初めて叫んだように思う。本音を母にぶつけたことも。
はぁはぁ荒い息を零しながら、達成感と―――そして恐怖心に、ゆっくりと顔を上げる。
無表情の、母の顔。
殺される。
そう思った。
「突き抜けろ、早駆けの矢―――“駆し矢”」
ヒュガッ! と二人の間を何かが突き抜けて、壁に何かが刺さる。矢だ。驚き何が起こったのか分かっていない母よりも早くに我に返ると、本能に突き動かされるまま家を飛び出した。

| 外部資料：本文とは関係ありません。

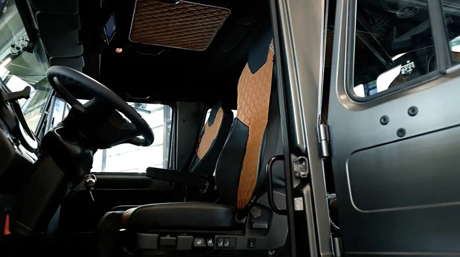 في الداخل، يتغير المشهد كلياً. مقاعد مريحة بتصميم هندسي مدروس، مكسوّة بجلد فاخر مع خياطة متباينة، إضاءة محيطية تضيف دفئاً غير معتاد على هذا الاسم. لن نصل إلى عالم سيارات Maybach، ولا هذا هو الهدف أصلًا. لكن مقارنة بأي Unimog عرفناه سابقاً؟ الفارق واضح، ومقصود، ومدروس.

「“リウル”!」母の怒りに満ちた呼び声が、更に背中を押す。
殺される。
怖い。
助けて。
「こっちおいでぇ~! はやく!」
村の中を駆けていると、建物の影から顔を出した男が手招きをしている。弓を持ってるから、きっと先ほどの矢は彼の仕業だろう。
自然と助けてくれた男の方へと足を向ける。
誰かは知らないが、きっとこの人は助けにきてくれたんだ。
「はぁっ、はぁっ」肺が痛い。だけど母に叩かれるよりは痛くない。
必死に空回る足を動かす。前に進めてはいる。だけど遅い。
近くにいた村人が異変に気付いたのか、それとも母の声に反応したのか、オレを捕まえようと手を伸ばしてくる。
怖い。
怖い。
また連れ戻されてしまう。
「たすけ、」
掠れて、息が漏れたような微かな声を上げる。
助けて。
そのとき――まるでその声に応えるかのように、風が頬を撫でた。
刹那、グゥオオオオ―――ッ! と背後で突風と、それに転がされた村人の悲鳴が聞こえる。咄嗟に振り向きたくなる気持ちを堪えて弓を携えた男の元まで着くと、彼はオレをひょいと持ち上げて肩に担ぐと一目散に村から離れる。
まるで人攫いのようだ。
だけど助けてくれた。
これからどうなるのかという不安と、母からも村からからも逃げ延びられた安堵から、男の肩にぎゅっとしがみつく。すると優しげに背中をポンポンと叩かれた。
母に叩かれるのは痛いのに、これは痛くない。
目に涙が滲んだ。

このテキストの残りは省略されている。